DESIGN AND SETTING: Experimental laboratory study, in the Skin Cell Culture Laboratory, School of Medical Sciences, Universidade Estadual de Campinas.
METHODS: Histological sections were stained with hematoxylin-eosin, Masson's trichrome for collagen fibers, periodic acid-Schiff reagent for basement membrane and glycogen, Weigert-Van Gieson for elastic fibers and Fontana-Masson for melanocytes. Immunohistochemistry was used to localize cytokeratins (broad spectrum of molecular weight, AE1/AE3), high molecular weight cytokeratins (34βE12), low molecular weight cytokeratins (35βH11), cytokeratins 7 and 20, vimentin, S-100 protein (for melanocytic and dendritic cells), CD68 (KP1, histiocytes) and CD34 (QBend, endothelium).

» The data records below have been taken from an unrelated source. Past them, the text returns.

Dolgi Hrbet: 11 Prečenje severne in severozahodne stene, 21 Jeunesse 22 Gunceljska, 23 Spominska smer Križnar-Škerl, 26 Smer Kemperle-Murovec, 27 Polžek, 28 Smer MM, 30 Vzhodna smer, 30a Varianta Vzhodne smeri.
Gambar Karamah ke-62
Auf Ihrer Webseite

RESULTS: Histology revealed satisfactory similarity between HSERIV and in vivo skin. Immunohistochemical analysis on HSERIV demonstrated that the marker pattern was similar to what is generally present in human skin in vivo.
CONCLUSION: HSERIV is morphologically and functionally compatible with human skin observed in vivo.

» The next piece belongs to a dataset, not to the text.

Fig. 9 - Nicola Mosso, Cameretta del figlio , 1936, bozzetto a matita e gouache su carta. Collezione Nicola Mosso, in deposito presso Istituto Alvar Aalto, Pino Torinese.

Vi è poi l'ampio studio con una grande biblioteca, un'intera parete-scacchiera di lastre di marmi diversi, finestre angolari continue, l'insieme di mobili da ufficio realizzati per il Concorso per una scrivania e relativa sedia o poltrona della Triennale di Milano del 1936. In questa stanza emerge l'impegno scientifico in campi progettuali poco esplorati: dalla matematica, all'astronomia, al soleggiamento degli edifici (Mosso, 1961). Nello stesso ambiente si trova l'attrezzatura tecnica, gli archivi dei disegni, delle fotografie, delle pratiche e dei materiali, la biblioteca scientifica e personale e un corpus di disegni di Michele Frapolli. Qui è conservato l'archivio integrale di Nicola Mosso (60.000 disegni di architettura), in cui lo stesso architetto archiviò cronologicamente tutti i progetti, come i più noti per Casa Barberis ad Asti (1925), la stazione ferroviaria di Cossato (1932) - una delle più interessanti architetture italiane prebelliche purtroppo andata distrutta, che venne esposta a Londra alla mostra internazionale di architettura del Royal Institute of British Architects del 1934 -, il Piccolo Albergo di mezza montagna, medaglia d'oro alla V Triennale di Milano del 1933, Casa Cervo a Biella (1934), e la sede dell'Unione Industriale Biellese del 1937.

Key words: Burns. Cytokeratin. Immunohistochemistry. Skin transplantation. Tissue engineering.
CONTEXTO E OBJETIVO: Nos últimos anos, diferentes modelos de pele humana reconstruída in vitro (PHRIV) foram descritos para uso clínico e aplicações em pesquisa na indústria farmacêutica. Antes de serem liberados para uso rotineiro como substitutos de pele humana, os modelos de PHRIV necessitam de testes (estudos) comparativos com a pele humana in vivo, por meio de análises morfológica (arquitetural) e imunoistoquímica (funcional). O objetivo deste trabalho é estudar as características imunoistoquímicas de um modelo de PHRIV desenvolvido em nosso serviço, comparando-as com a pele humana, para que esse modelo de PHRIV possa vir a ser testado clinicamente em casos de queimaduras e ulcerações de pele nos quais métodos tradicionais de tratamento não estejam indicados.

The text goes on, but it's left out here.